The little girl adored her mother, she testified, and followed her nearly everywhere. As Cindy Anthony testified, Casey Anthony smiled and wiped her eyes.

Cindy Anthony also testified that her daughter had been telling her about Gonzalez along with numerous other people -- a boyfriend, a co-worker and a man named Eric Baker, whom she believed to be Caylee's father -- for years before Caylee went missing. At the time, she said, she never had a reason to believe those people were fictitious. "I just found out they were imaginary people," she testified.

She said her and her husband's efforts to find Gonzalez had continued up to six weeks before the trial started, taking them to places including New York and California.

Earlier, Cindy Anthony testified that on July 15, George Anthony picked up a certified letter from a tow yard, which said that Casey Anthony's Pontiac Sunfire -- registered to her parents -- had been there for a couple of weeks.

Cindy Anthony testified that her daughter had told her that the car was with her in Jacksonville, Florida, and she called her and told her "she had a lot of explaining to do." She asked her to come home.

After George Anthony drove the car home from the wrecker yard, Cindy Anthony, a nurse, said she smelled the car and asked, "What died?" She testified that she knows what human decomposition smells like but said it was just an expression and that she didn't really believe someone had died or a body had decomposed in the car. She said that at the time, she was satisfied that the smell was some garbage her husband said he found in the trunk.

But "the smell in the car was like something I had never -- it was pretty strong," she said.

After her husband left for work, Cindy Anthony said, she retrieved her daughter's purse from the car, along with a doll. She broke into tears as she described finding the doll in Caylee's car seat, "like it was sitting where Caylee would have sat."

She tearfully recalled putting the doll on an ice chest in the garage and wiping its face and hands with a disinfecting wipe, then spraying its body and the interior of the car with Febreze, a commercial substance that helps eliminate odor. She said she also put a dryer sheet in the car.

She acknowledged telling authorities in her frantic 911 call that her daughter's car smelled "like there's been a body" but told Baez she said that in an effort to get deputies to arrive faster.

Prosecutors allege that Anthony used chloroform on her daughter and then suffocated her by putting duct tape over her nose and mouth.

Anthony's defense has claimed that the little girl drowned in the her grandparents' pool on June 16, the day she was last seen, and that Casey Anthony and her father panicked and kept the death a secret.
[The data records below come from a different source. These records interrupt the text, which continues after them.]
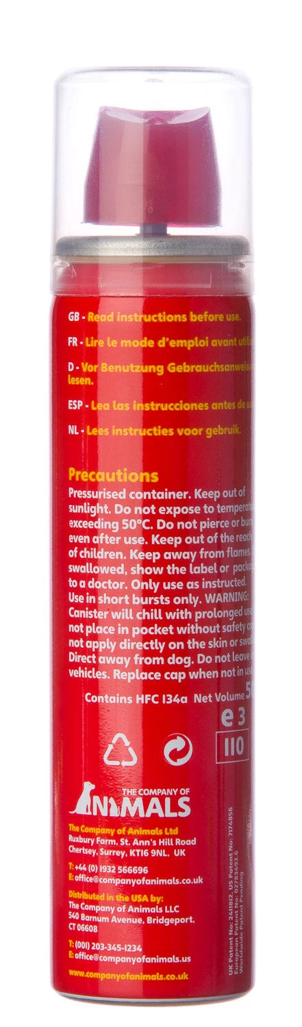 The Pet Corrector emits a hiss of air which mimics this sound, to interrupt undesirable behaviors in dogs such as jumping up or stealing. There is a detailed training guide included, with helpful training tips and key dos and don’ts. It is important that the Pet Corrector is used responsibly and that alternative desirable behaviors are rewarded.
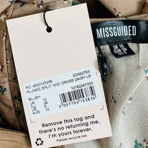 This Missguided Brown Floral Plunge Split Midi Dress in Size 6 is brand new with tags. It's a stylish addition to any wardrobe with its eye-catching floral pattern and flattering plunge split design.
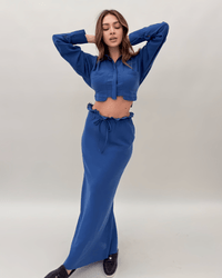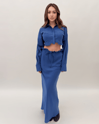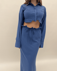 Elevate your summer wardrobe with our Linen Two-Piece Set, featuring a charming skirt and crop top combination
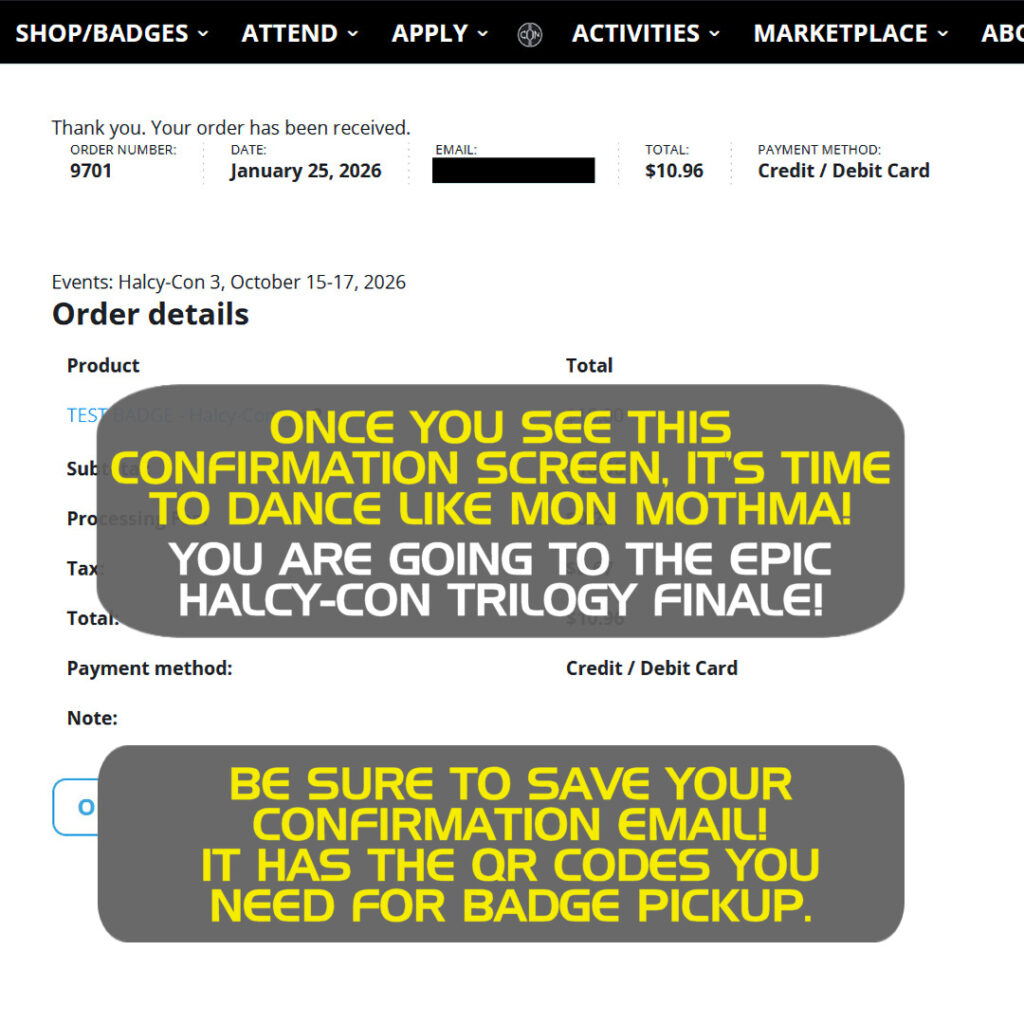 HALCY-CON 3: Badge Info & Checkout Instructions
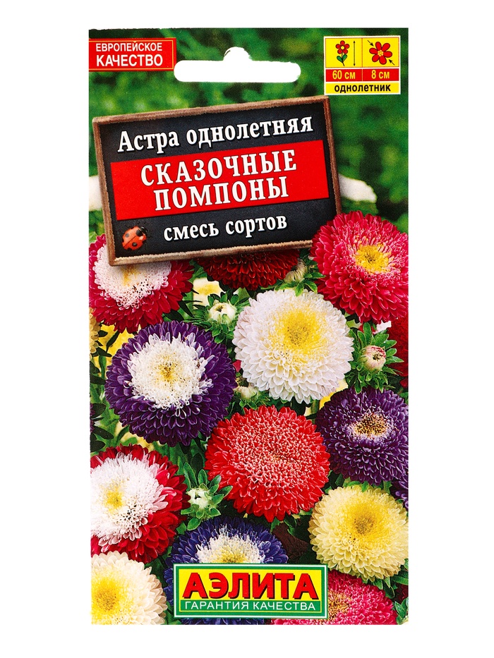 Семена цветов Астра Сказочные помпоны, смесь сортов , Ц/П,0,2 г (комплект 2 шт)
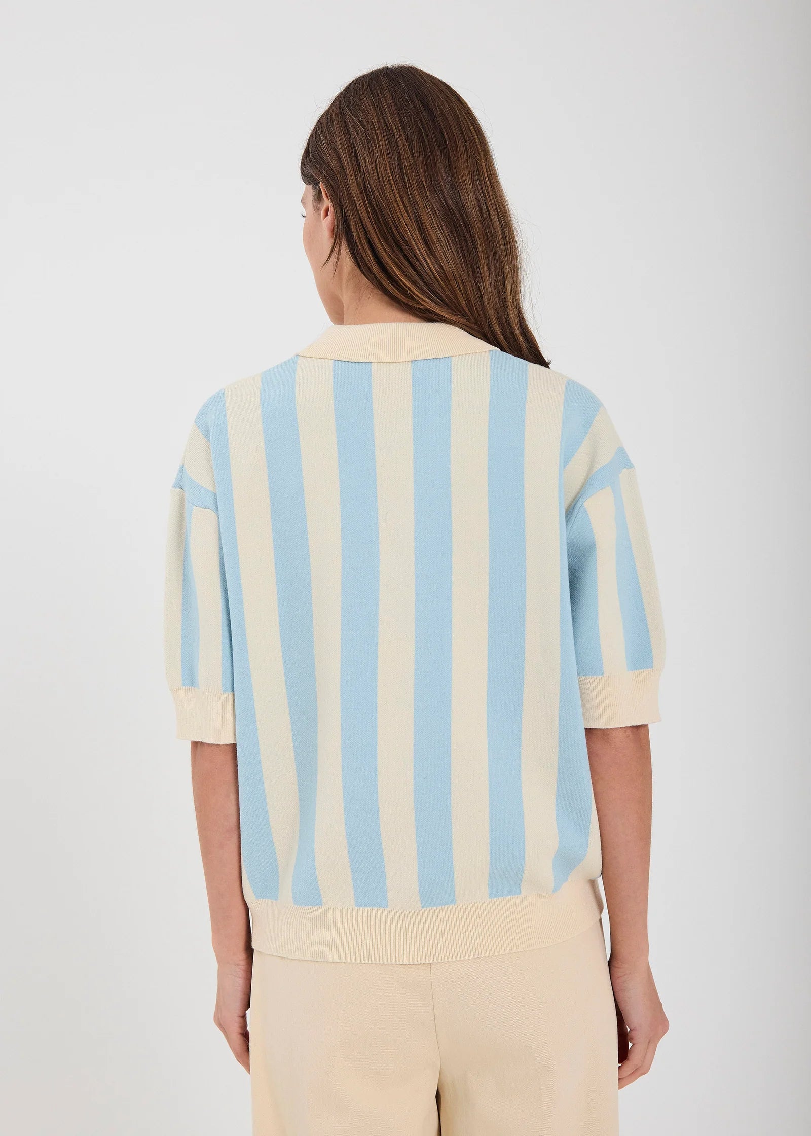 A playful knit polo with bold vertical stripes for a fresh, sporty look. Designed with a classic collar, button placket, and short sleeves. Perfect for effortless everyday styling.
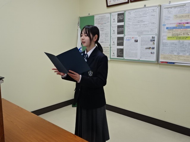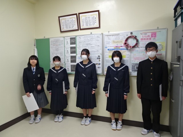 本日から3学期がスタートしました。登校が今までより早い生徒もおり、気持ちを新たにしようという意欲を感じました。代表生徒の言葉は、1年生と3年生です。目標が明確でした。3年生の代表生徒が欠席のため、担任が代読です。式の終了後、表彰を行いました。3学期もよろしくお願いします。
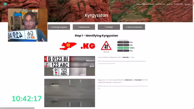 01:23:54Der Streamer kündigt an, Kirgisistan auswendig zu lernen, da dies eine 'Subgoal-Bestrafung' ist. Er plant, dies als Video für YouTube aufzunehmen und beginnt mit einer Analyse des Plunkett-Guides. Er studiert Nummernschilder, regionale Abdeckung, Fahrtrichtungen und spezifische Merkmale wie den 'Car Mirror Matter'-Hinweis für nördlich von Jalalabad und den schwarzen Punkt auf dem Spiegel für bestimmte Regionen. Er notiert sich weitere Tipps zu geteilten Straßen, Downtown-Bereichen, Schneebedeckung in Südost-Bischkek und Smog im Norden. Er identifiziert auch spezifische Merkmale von Städten wie Osh, Jalalabad, Talas und Karakol, sowie die EM40- und EM11-Straßen mit ihren Besonderheiten wie rostigen Strommasten oder schlechtem Straßenbelag im Süden.
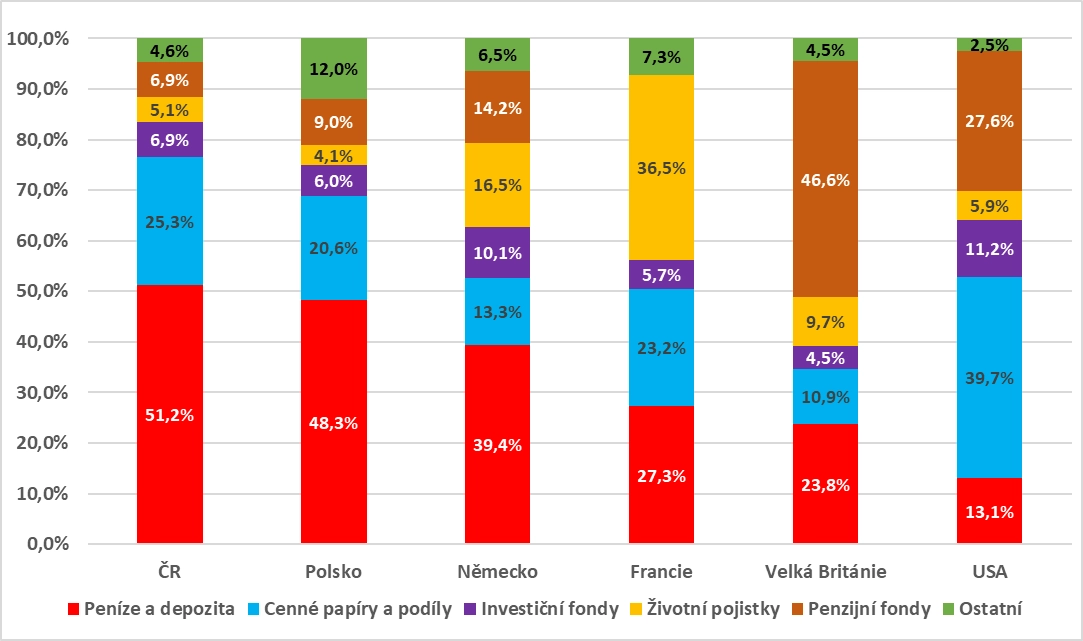Z grafu je patrné, že například domácnosti ve Spojených státech drží v bankovních depozitech pouze 13 % svých úspor, což je asi čtyřikrát méně než v tuzemsku. Zbývající prostředky Američané investují zejména do cenných papírů a podílových listů. Přibližně 54 % z celkového objemu prostředků amerických domácností, které jsou uloženy ve fondech, je umístěno ve fondech akciových, což je 2,5 krát více oproti tuzemskému trhu.
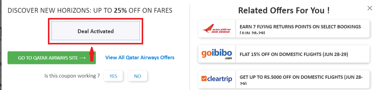 Step 2: Once, you click on the "GET DEAL", the offer gets activated. Or you can choose from the given Bank Coupon Codes.
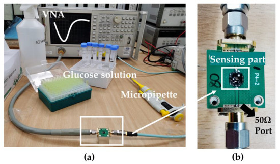 Experimental setup for the tests. (a) The experimental setup and preparation for the meas-urement of glucose level. (b) The tested device connected to a vector network analyzer (VNA) through a 50 Ω port.
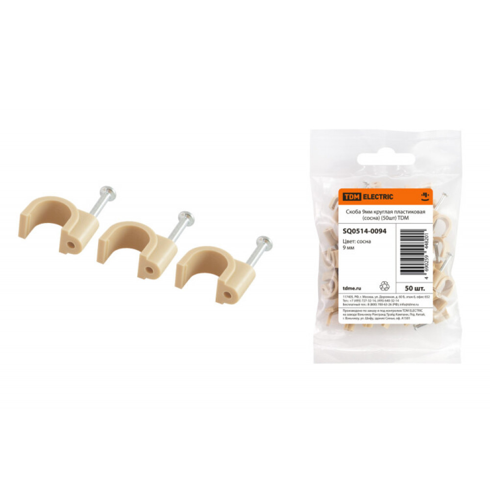 Описание Скоба 9мм круглая пластиковая (сосна) (50шт) SQ0514-0094
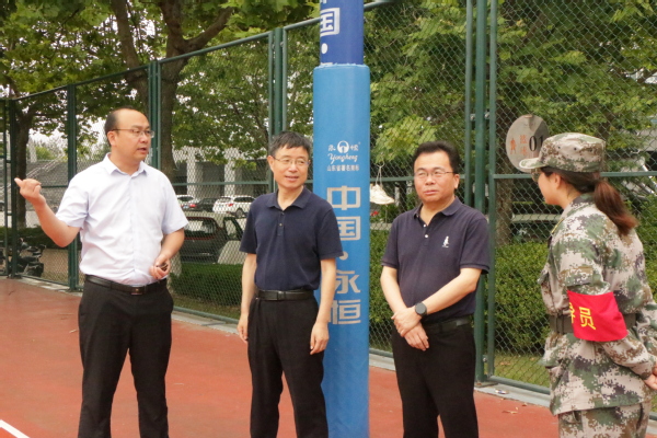 闷热的空气、汗水湿透的衣襟磨灭不了昂扬的斗志,训练场上涌动着军绿色的青春。一遍遍的正步练习,一次次的响亮口号,随着教官的号令,文法学子们铿锵的步伐踏着铁血长虹,飞扬恣意的号令气贯山河。云销雨霁,高悬头顶的烈日也挡不住学生的豪情。文法人怀抱鸿鹄之志,坚定理想信念,成就挺拔的军姿,自信的姿态。为慰问军训学生,太阳成集团tyc7111cc院长王学栋,党委书记姚成郡和营长陈熙来到训练场地鼓舞学生士气。
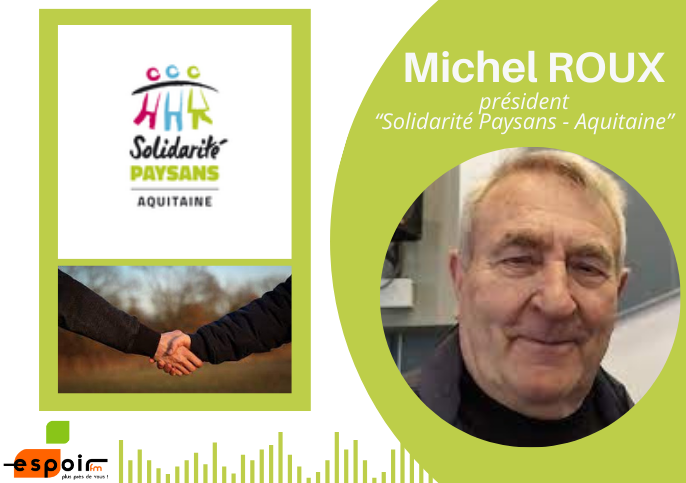 Michel Roux, président de l’association « Solidarité paysans » Aquitaine. Ses bénévoles salariés écoutent, soutiennent, renseignent, accompagnent les agriculteurs en difficultés. Émission réalisée par : Emmanuelle
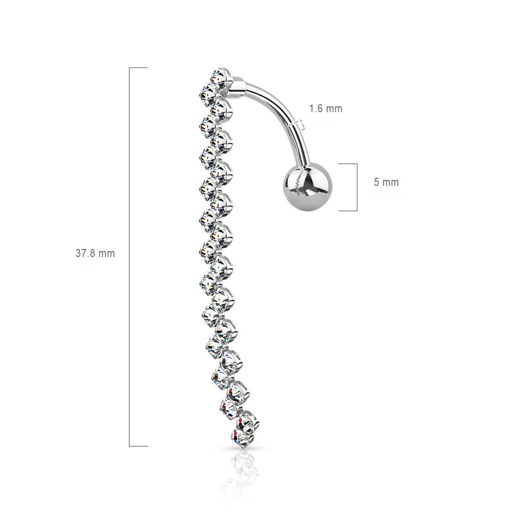 Piercing Ombelico Pendente a Zig Zag di zirconi
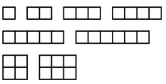 Với N = 6 hình vuông, ta có thể tạo ra hình chữ nhật bằng cách lần lượt xét các hình chữ nhật với chiều cao bằng 1 hoặc 2. Như hình dưới đây.
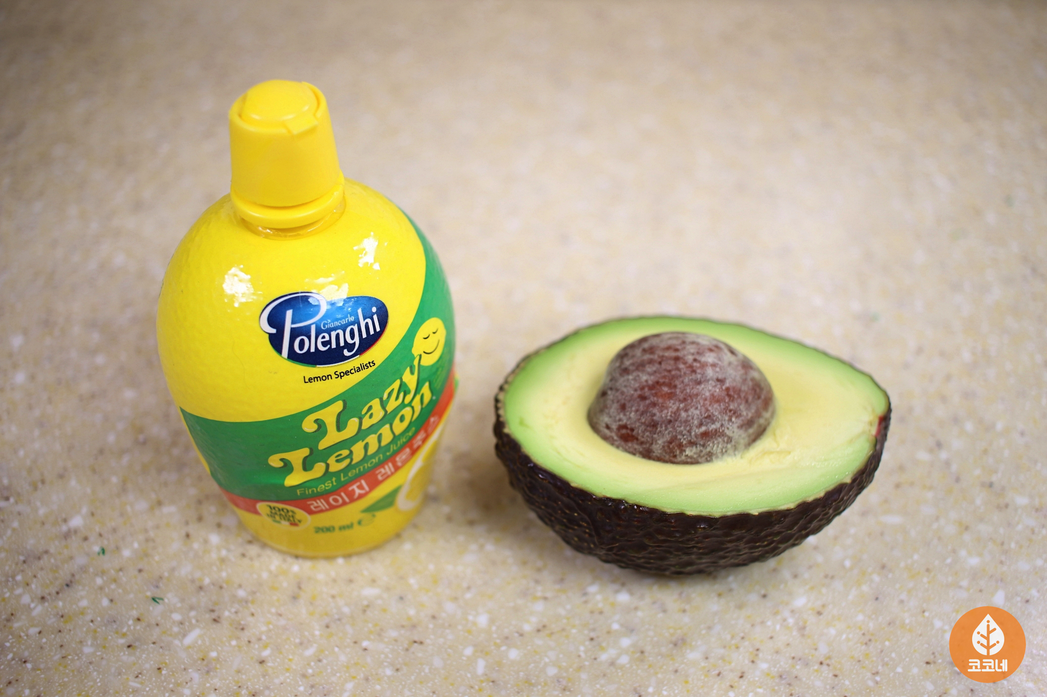 아보카도 절단면에 레몬즙을 2~3방울 떨어트리고
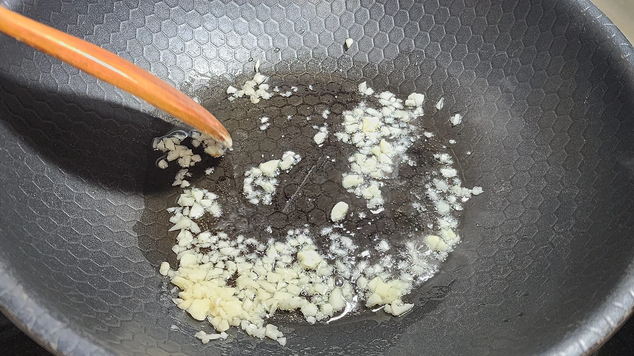 -식용유 마늘을 볶아준다
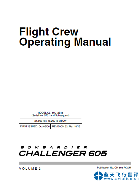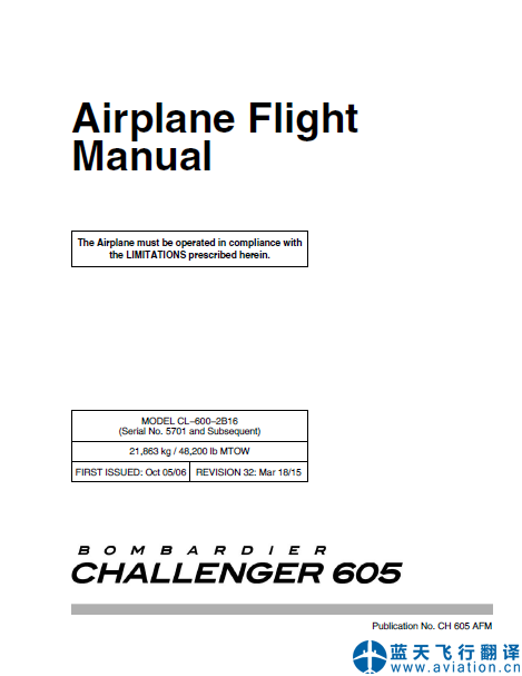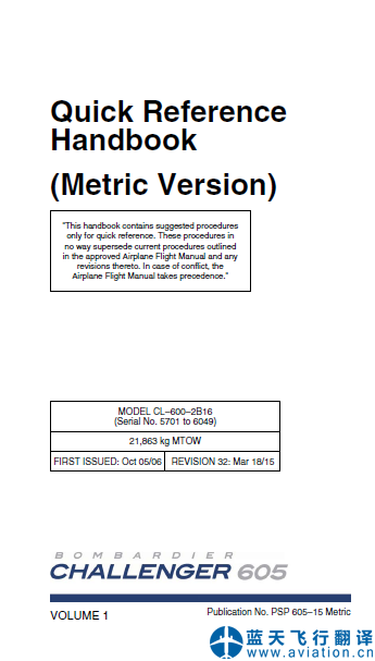 北京藍(lán)天飛行翻譯公司完成大型公務(wù)機公司的第32版/2015年3月18日版本龐巴迪挑戰(zhàn)者605全套飛行手冊翻譯任務(wù):第32版龐巴迪挑戰(zhàn)者605飛機飛行手冊、機組操作手冊、快速檢查單 Revision 32 Mar 18/15 Bombardier Challenger 605 Airplane Flight Manual, Flight Crew Operating Manual, Quick Reference Handbook Translation
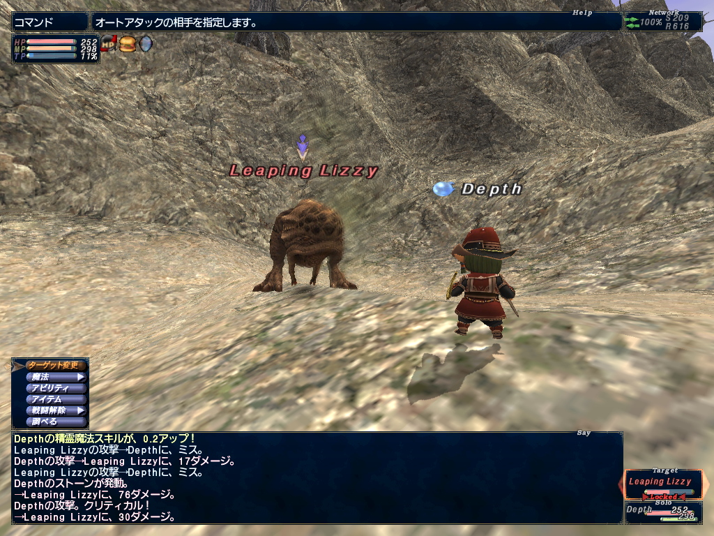 倉庫キャラでバストゥークにデジョンクエをやりに行っている途中のこと、あ、このキャラサンドリア生まれのタルタルなんです。南サンドリアからチョコボに乗って北グスタベルグのサバイバル本を触るためにチョコボを降りて、そこから徒歩で南グスタベルグをあるいていたら広域スキャンに(今は全ジョブで狭い範囲の広域スキャンが使えます)Leaping Lizzy的な名前を発見。早速倒してみる。Lv23黒魔道士でかてるのか!?余裕でした。まあノードロップでしたがね!
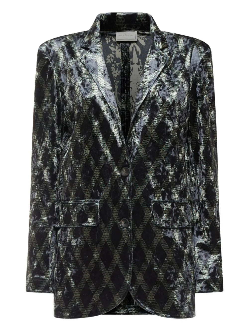 diamond-pattern velvet blazer Highlights - Dark-green - Diamond pattern - Velvet texture - Notched lapel - Two-button fastening - Welt pockets Imported Composition Polyester 92%, Elastane 8% Washing instructions Read Manufacturer Guidelines
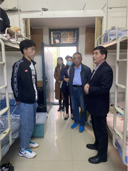 (通讯员 张锐)10月12日下午,副董事长宿金勇,国际教育公司党委书记吕鹏飞、经理刘海燕、副经理代博君一行来到员工宿舍,为2021级家庭经济困难新生发放“爱心大礼包”。
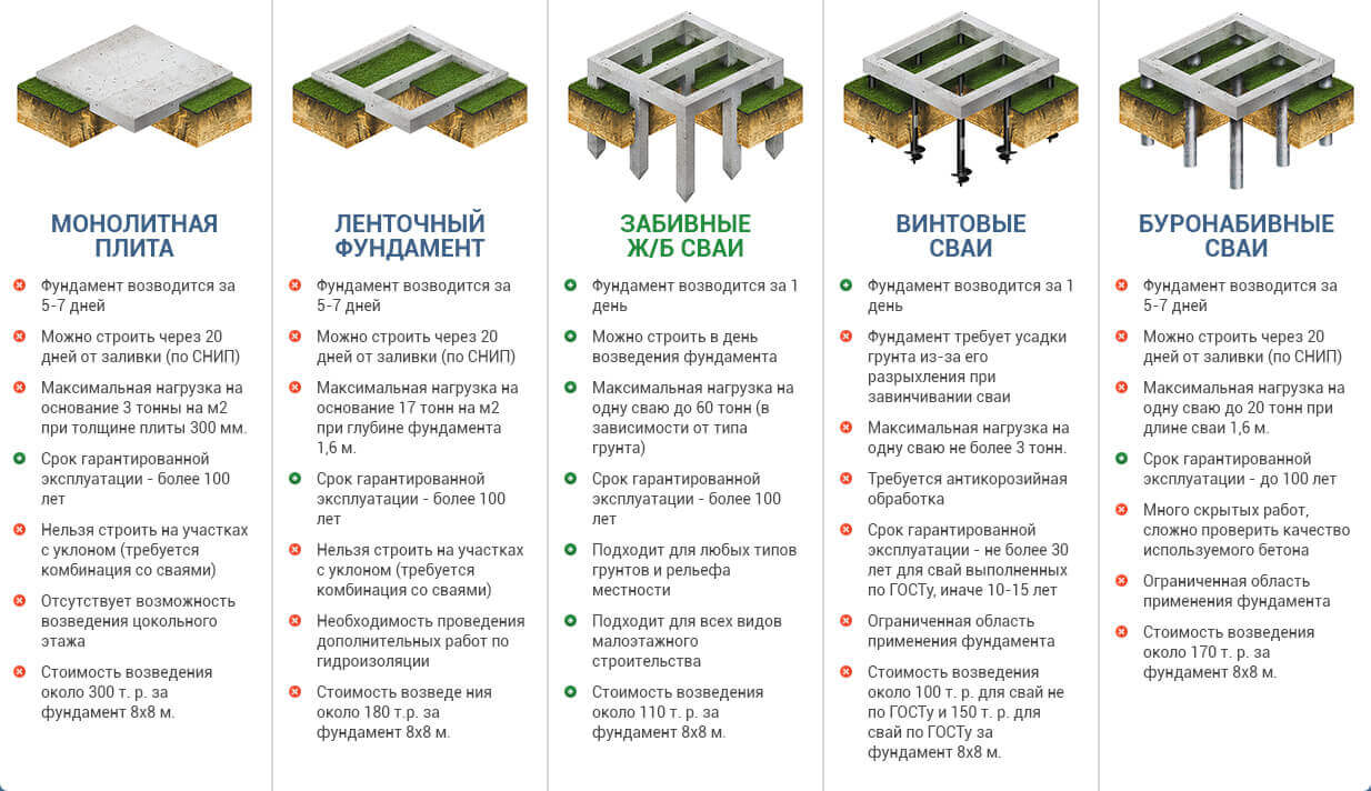 Сравнение фундамента на забивных железобетонных сваях в Скоропусковском
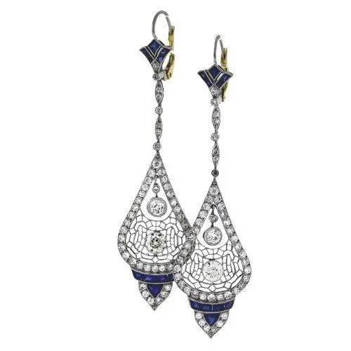 Platinum Diamond and Sapphire Drop Earrings

George Anthony has denied that claim in testimony.

Casey Anthony's defense attorney explains her behavior in June and July 2008 by saying she had been sexually abused as a child by her father -- and, to a lesser extent, her brother -- and was taught from a young age to hide her pain. George Anthony has also denied abusing his daughter in previous testimony.

Cindy Anthony testified that her daughter was not answering her phone after the car was picked up July 15, so she contacted Huizenga, picking her up at a mall and asking her to take her to her daughter. She was directed to Lazzaro's apartment.

On the stand Tuesday, Huizenga recalled the tense confrontation that followed. Cindy Anthony was demanding to see Caylee, she recalled, and Casey Anthony said she was with her nanny. It was "a massive explosion of mother and daughter," Huizenga said.

Under cross-examination, Cindy Anthony testified that she and her granddaughter swam together on June 15, the day before Caylee was last seen. Asked whether she was certain she had removed the ladder from the above-ground pool, she said, "as certain as I can be. I do recall taking the ladder down." But she acknowledged mentioning to a co-worker the next day that she thought someone had been swimming in her pool, as she had found the ladder up and the gate open.

The case has drawn attention across the nation and beyond. On Tuesday morning, about 250 people were standing in line for a seat in the courtroom, a record so far, said In Session producer Grace Wong. Sixty of them were seated, more than the usual 48, as fewer media were attending, Wong said.